Managed-session broadcasts:

  • managedSession.created
  • managedSession.updated
  • managedSession.event
  • managedSession.completed
  • managedSession.failed

Runtime Mapping

Managed Agents is not a second executor. It maps onto the existing runtime:

  • ManagedAgentVersion becomes the source of truth for model, prompt, execution mode, and runtime defaults
  • ManagedEnvironment becomes the source of truth for workspace binding, tool policy, MCP scope, and execution affordances
  • ManagedSession creates exactly one backing Task
  • team-mode ManagedSession also creates a backing AgentTeamRun
  • task_events and daemon notifications are mirrored into managed_session_events
  • session_runtime_v2 remains task-scoped runtime state owned by SessionRuntime

The important contract is that ManagedSession is the API-facing durable run, while Task remains the execution worker.

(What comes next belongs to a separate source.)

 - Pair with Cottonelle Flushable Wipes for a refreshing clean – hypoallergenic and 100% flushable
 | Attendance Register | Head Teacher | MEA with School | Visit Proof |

Security And Policy Boundaries

Managed Agents follows the same security posture as the rest of CoWork, with a few managed-specific rules:

  • renderer-facing managed environment reads redact credentialRefs and managedAccountRefs
  • managed session events are sanitized before persistence and sanitized again on read
  • MCP allowlists fail closed if the referenced server or its cached tool metadata is unavailable
  • managed account refs are validated server-side at environment creation/update time
  • legacy tasks, runs, and team APIs are unchanged for non-managed flows

These rules keep the managed control-plane surface suitable for UI/backend consumption without exposing sensitive linkage or silently broadening tool access.

Current UI State

There is not yet a dedicated Managed Agents screen in the renderer.

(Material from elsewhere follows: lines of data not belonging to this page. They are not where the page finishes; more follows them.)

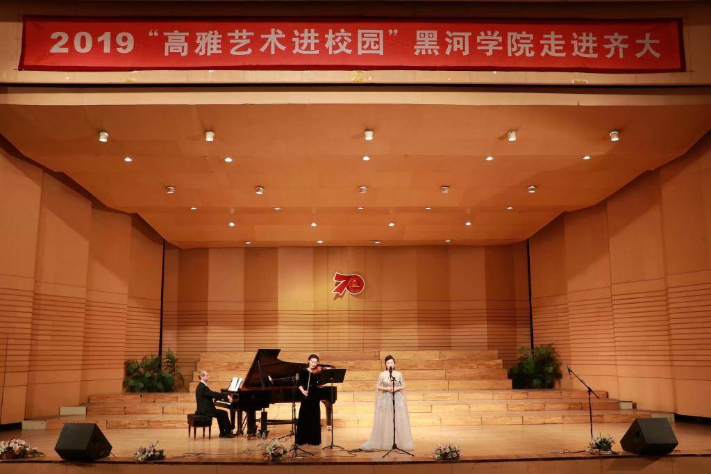 10月23日19时,2019年“高雅艺术进校园”黑河学院专场演出在sunbet申搏音乐厅隆重举行。黑河学院工会副主席卢丽艳、音乐学院院长徐卫,sunbet申搏宣传部、工会、团委、音乐与舞蹈学院的领导与1000余名师生观看了演出。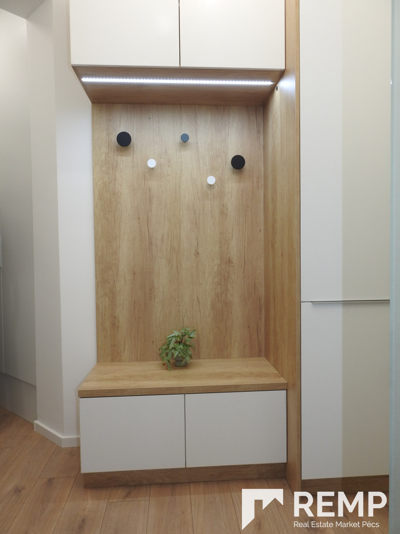 A teljesen felszerelt konyha és a beépített szekrények praktikus helykihasználást biztosítanak. A lakás fűtéséről és hűtéséről klíma, illetve Nobo panel gondoskodik, így a rezsiköltség rendkívül kedvező.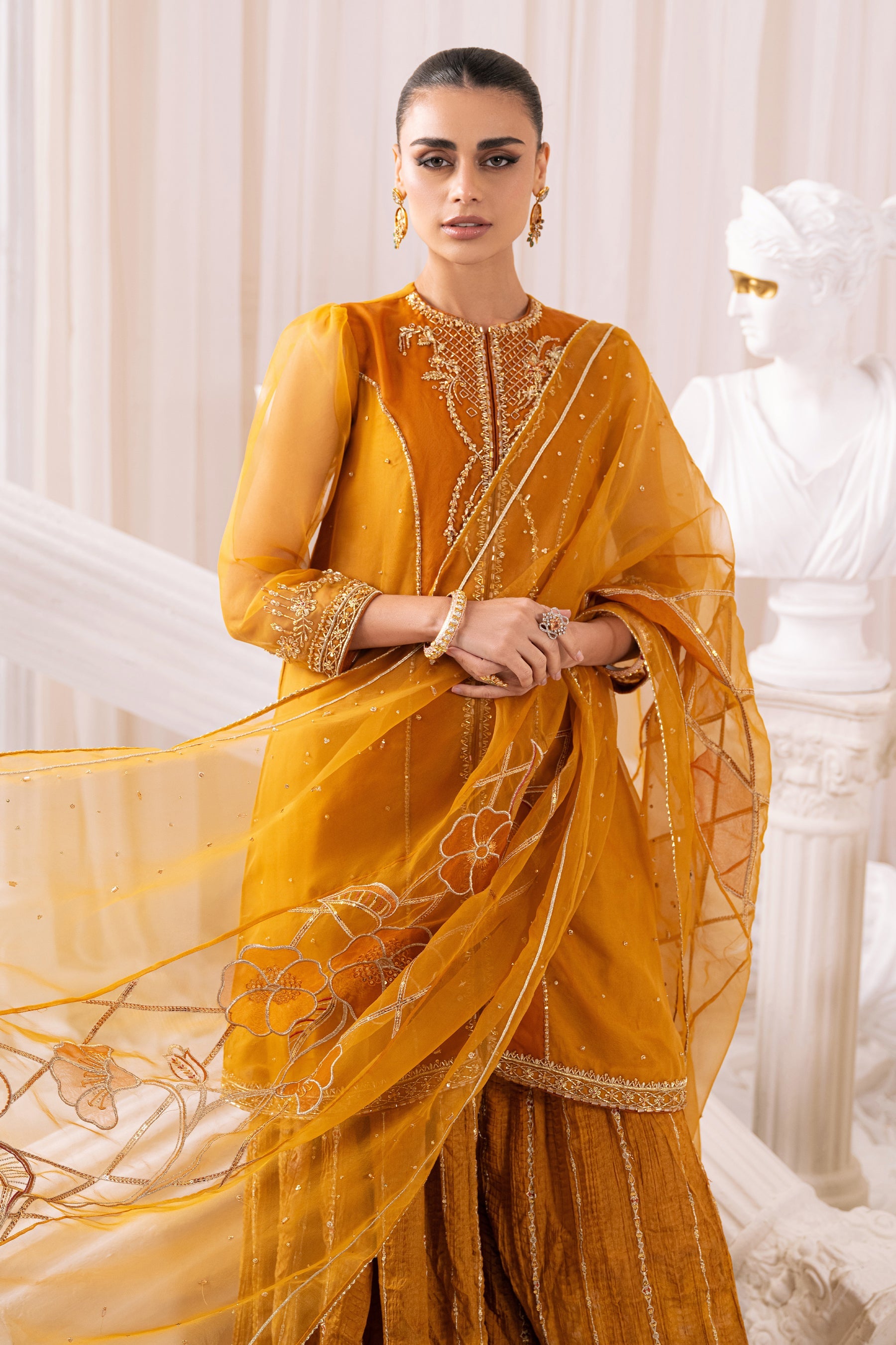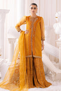 This mustard art piece comprises of pure embellished near to neck neckline along with a monochromatic princess panel on the front adorned with embellishments enhanced with light adda spread all over the shirt front finished with border. Sleeves are jeweled with adda work, finished with border. Outfit is topped with organza dupatta highlighted with middle applique adorned with floral motifs & sequins jaal finished with sequins spread , lace & goti. Outfit is paired with embroidered line patterned crushed sharara.

Today’s operator workflow is:

  1. enable and start the Control Plane in app settings
  2. open the built-in Control Plane page
  3. use its request(method, params) helper to create a managed environment, managed agent, and managed session
  4. observe the resulting backing task or team run in the normal task UI and Mission Control

This is the current practical test path from the desktop app.

Manual App Test Flow

Use a solo session first:

const workspaces = await request("workspace.list", {});
const workspaceId = workspaces.workspaces[0]?.id;

const environment = await request("managedEnvironment.create", {
  name: "Local Test Env",
  config: {
    workspaceId,
    enableShell: true,
    enableBrowser: true,
  },
});

const agent = await request("managedAgent.create", {
  name: "Managed Test Agent",
  systemPrompt: "You are a precise coding assistant.",
  executionMode: "solo",
  runtimeDefaults: {
    autonomousMode: true,
    allowUserInput: true,
  },
});

const session = await request("managedSession.create", {
  agentId: agent.agent.id,
  environmentId: environment.environment.id,
  title: "Managed Session Smoke Test",
  initialEvent: {
    type: "user.message",
    content: [{ type: "text", text: "Inspect the repo and summarize it." }],
  },
});

Then verify:

  • a normal task appears in the desktop UI
  • the task starts through the normal daemon lifecycle
  • managedSession.get shows the backing task link and current status
  • managedSession.events.list returns sanitized event payloads

For team mode:

  • create a ManagedAgent with executionMode: "team"
  • create a managed session
  • observe the backing team run from Mission Control and task surfaces
  • expect managedSession.sendEvent with user.message to reject for team-mode sessions in V1

That rejection is intentional until follow-up routing is wired cleanly into the team orchestration path.

Compatibility Contract

Managed Agents must not break existing flows.

The additive contract is:

  • legacy task.* methods still create and run ordinary tasks
  • legacy task timelines and approvals still work
  • Agent Teams still work outside managed sessions
  • managed sessions reuse the daemon and runtime instead of bypassing them
  • managed resources add a new control-plane namespace; they do not replace existing APIs

When changing this system, preserve that boundary and update the tests that prove it.